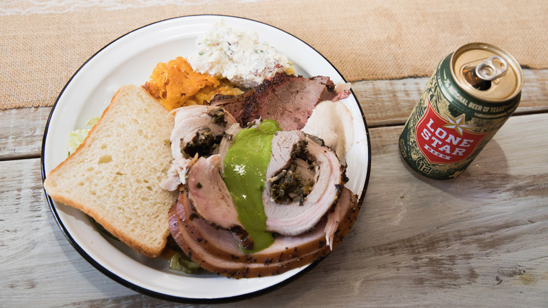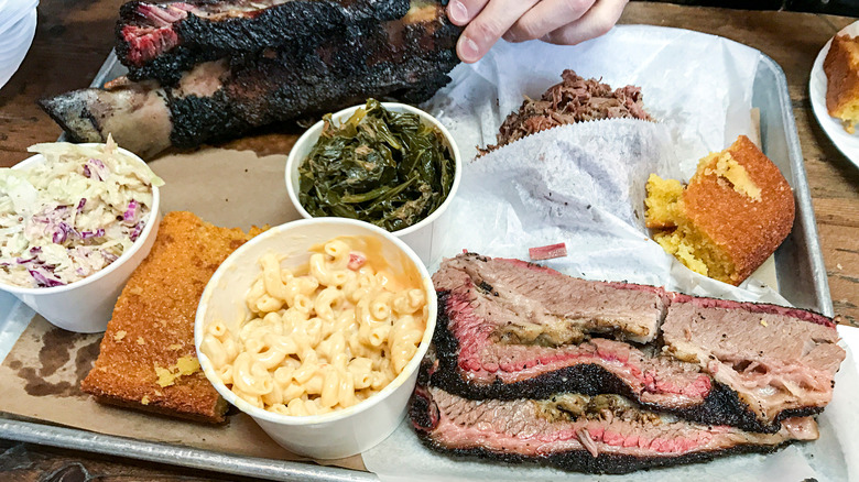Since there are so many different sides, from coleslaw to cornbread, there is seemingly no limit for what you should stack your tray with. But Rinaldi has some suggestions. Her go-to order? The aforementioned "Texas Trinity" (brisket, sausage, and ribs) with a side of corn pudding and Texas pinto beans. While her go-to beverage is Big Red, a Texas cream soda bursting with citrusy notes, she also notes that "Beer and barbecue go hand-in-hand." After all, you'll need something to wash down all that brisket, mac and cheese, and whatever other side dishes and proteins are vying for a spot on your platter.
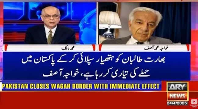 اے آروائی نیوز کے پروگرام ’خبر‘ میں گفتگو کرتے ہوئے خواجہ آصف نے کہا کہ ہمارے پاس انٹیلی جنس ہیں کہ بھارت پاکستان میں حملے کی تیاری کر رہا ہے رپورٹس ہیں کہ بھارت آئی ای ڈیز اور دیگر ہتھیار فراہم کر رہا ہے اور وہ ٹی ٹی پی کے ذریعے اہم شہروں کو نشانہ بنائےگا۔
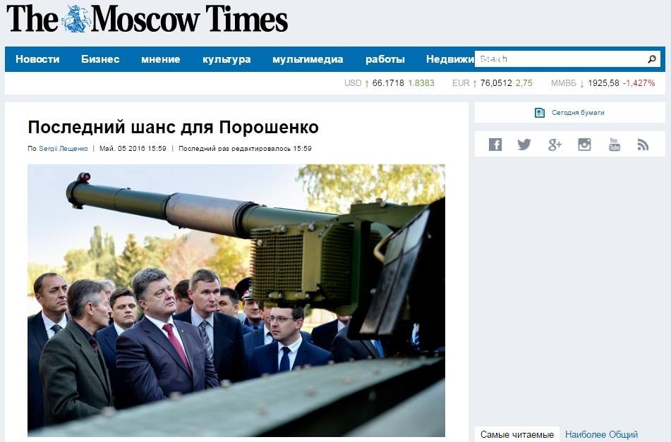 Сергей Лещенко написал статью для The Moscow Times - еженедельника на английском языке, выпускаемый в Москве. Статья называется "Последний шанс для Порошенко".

...

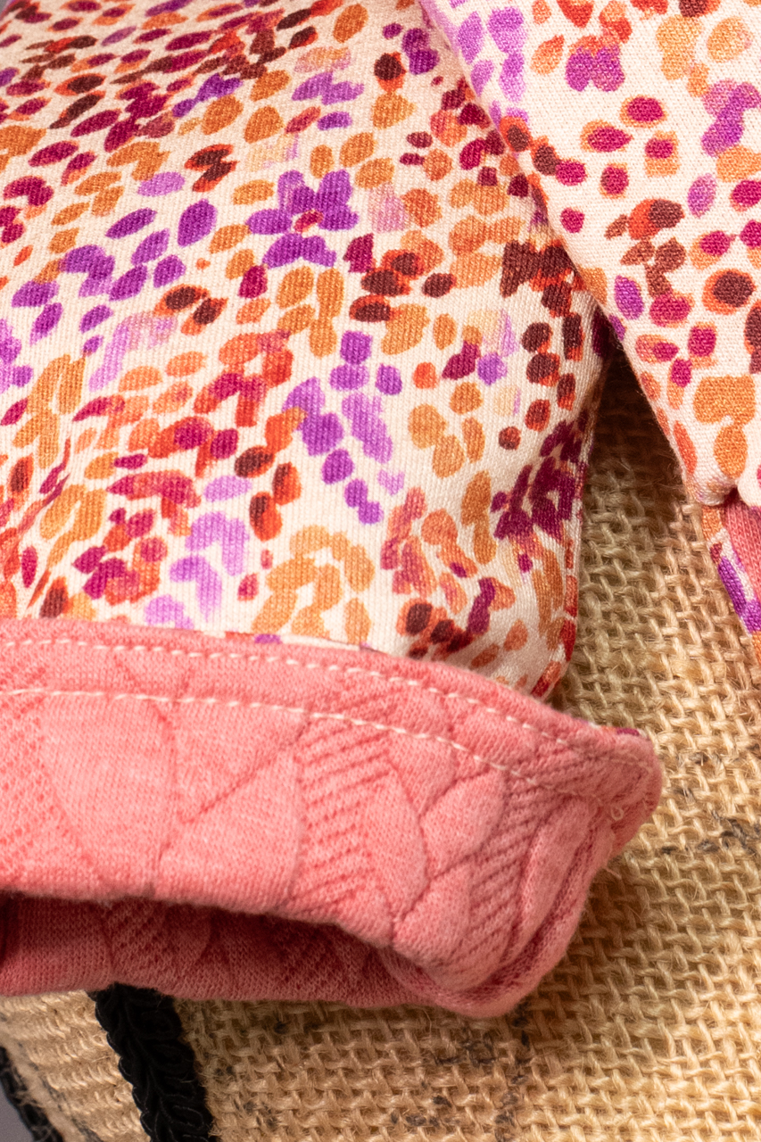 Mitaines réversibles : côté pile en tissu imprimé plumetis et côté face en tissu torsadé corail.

...

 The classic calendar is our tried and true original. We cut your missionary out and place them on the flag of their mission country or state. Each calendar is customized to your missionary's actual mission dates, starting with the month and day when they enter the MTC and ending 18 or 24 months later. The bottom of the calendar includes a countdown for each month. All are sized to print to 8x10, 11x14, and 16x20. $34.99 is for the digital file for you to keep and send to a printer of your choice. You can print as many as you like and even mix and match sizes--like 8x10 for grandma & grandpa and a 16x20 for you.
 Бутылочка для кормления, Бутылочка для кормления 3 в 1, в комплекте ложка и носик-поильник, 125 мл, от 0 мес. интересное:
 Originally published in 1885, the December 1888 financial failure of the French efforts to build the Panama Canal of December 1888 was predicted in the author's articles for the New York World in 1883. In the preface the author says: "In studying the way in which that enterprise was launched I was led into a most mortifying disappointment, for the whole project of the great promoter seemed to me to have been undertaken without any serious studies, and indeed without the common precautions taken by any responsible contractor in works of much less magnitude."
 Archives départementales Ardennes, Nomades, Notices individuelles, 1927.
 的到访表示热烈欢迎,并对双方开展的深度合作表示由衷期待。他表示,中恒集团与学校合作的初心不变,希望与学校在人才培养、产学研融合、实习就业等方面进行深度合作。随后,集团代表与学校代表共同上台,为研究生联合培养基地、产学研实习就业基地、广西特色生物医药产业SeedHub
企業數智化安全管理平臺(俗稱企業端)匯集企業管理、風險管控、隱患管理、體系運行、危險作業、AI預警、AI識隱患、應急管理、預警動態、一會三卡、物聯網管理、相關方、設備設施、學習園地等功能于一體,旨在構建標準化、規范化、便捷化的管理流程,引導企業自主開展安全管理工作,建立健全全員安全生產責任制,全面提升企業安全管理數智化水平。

### TASK REQUIREMENTS
From the material above, copy exactly the lines between the line holding "的到访表示热烈欢迎,并对双方" and the line holding "企業數智化安全管理平臺(俗稱", inclusive, and only those.

### ANSWER TO THIS PROBLEM
 的到访表示热烈欢迎,并对双方开展的深度合作表示由衷期待。他表示,中恒集团与学校合作的初心不变,希望与学校在人才培养、产学研融合、实习就业等方面进行深度合作。随后,集团代表与学校代表共同上台,为研究生联合培养基地、产学研实习就业基地、广西特色生物医药产业SeedHub
企業數智化安全管理平臺(俗稱企業端)匯集企業管理、風險管控、隱患管理、體系運行、危險作業、AI預警、AI識隱患、應急管理、預警動態、一會三卡、物聯網管理、相關方、設備設施、學習園地等功能于一體,旨在構建標準化、規范化、便捷化的管理流程,引導企業自主開展安全管理工作,建立健全全員安全生產責任制,全面提升企業安全管理數智化水平。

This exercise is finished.